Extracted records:
○ ○ ○ ○ ○
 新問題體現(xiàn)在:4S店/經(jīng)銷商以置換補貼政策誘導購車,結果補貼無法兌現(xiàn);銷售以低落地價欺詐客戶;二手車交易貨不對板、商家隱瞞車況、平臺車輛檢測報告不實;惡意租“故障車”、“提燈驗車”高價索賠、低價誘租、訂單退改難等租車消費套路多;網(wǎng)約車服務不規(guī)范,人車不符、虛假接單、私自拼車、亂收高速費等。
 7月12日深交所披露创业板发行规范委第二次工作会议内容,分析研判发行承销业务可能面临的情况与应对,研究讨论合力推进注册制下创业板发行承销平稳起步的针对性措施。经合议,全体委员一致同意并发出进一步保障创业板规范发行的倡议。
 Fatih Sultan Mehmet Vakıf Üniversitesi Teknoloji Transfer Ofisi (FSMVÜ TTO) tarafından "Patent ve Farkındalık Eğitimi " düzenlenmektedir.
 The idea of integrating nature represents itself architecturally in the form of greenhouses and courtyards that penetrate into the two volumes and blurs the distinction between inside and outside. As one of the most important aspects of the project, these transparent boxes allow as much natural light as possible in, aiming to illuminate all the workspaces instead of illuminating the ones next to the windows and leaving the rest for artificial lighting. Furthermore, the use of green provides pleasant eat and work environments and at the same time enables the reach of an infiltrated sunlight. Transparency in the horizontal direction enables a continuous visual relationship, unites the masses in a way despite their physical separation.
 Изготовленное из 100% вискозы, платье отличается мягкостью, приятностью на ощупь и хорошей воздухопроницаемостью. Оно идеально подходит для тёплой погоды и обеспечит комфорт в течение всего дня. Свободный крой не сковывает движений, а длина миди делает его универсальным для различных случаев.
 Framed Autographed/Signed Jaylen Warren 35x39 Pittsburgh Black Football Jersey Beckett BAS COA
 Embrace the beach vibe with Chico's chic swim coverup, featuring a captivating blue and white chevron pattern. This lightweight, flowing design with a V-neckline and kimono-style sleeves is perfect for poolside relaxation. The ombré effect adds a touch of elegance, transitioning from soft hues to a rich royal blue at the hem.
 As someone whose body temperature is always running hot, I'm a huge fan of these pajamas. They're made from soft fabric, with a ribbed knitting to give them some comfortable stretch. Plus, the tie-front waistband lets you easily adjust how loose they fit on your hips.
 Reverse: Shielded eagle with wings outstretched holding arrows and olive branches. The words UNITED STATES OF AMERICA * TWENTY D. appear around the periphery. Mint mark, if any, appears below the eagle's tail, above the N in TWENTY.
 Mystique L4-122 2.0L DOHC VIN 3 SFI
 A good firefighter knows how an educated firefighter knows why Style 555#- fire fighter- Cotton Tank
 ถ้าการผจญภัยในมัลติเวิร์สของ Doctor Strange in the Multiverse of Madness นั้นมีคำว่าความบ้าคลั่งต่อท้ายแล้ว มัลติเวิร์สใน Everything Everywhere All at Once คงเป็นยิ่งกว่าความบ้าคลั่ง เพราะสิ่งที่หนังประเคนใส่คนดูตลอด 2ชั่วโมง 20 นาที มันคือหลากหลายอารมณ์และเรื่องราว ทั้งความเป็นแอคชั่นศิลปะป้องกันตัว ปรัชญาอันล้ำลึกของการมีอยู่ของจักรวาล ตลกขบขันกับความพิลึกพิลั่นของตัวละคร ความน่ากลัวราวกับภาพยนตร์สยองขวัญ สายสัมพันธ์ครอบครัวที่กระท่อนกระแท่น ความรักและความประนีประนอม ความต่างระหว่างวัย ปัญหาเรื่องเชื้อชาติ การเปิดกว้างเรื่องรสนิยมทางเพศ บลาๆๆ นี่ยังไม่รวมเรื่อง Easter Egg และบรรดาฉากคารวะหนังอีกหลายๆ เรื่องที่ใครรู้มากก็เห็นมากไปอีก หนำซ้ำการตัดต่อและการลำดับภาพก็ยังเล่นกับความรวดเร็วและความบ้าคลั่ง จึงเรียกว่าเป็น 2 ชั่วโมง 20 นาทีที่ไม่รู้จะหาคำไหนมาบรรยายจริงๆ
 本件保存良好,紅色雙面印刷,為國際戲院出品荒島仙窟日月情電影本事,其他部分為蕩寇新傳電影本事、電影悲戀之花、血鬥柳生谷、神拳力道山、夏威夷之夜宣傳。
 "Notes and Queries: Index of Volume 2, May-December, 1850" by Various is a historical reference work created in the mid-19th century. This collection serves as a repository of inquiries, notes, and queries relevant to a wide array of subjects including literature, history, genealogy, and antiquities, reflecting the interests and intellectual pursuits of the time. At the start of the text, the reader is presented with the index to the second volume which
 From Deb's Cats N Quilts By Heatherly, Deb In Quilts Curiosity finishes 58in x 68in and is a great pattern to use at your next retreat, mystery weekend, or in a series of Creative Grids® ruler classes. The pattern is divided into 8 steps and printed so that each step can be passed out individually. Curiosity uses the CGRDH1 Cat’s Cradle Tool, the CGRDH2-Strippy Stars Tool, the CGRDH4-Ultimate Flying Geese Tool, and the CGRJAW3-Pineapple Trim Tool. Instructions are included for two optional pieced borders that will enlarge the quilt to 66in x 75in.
○ ○ ○ ○ ○
**What the exercise asks:** Above are the records; print exactly the lines from the line with "7月12日深交所披露创业板发" to the line with "Fatih Sultan Mehmet", including both, and nothing else.

**Solution to the exercise:**
 7月12日深交所披露创业板发行规范委第二次工作会议内容,分析研判发行承销业务可能面临的情况与应对,研究讨论合力推进注册制下创业板发行承销平稳起步的针对性措施。经合议,全体委员一致同意并发出进一步保障创业板规范发行的倡议。
 Fatih Sultan Mehmet Vakıf Üniversitesi Teknoloji Transfer Ofisi (FSMVÜ TTO) tarafından "Patent ve Farkındalık Eğitimi " düzenlenmektedir.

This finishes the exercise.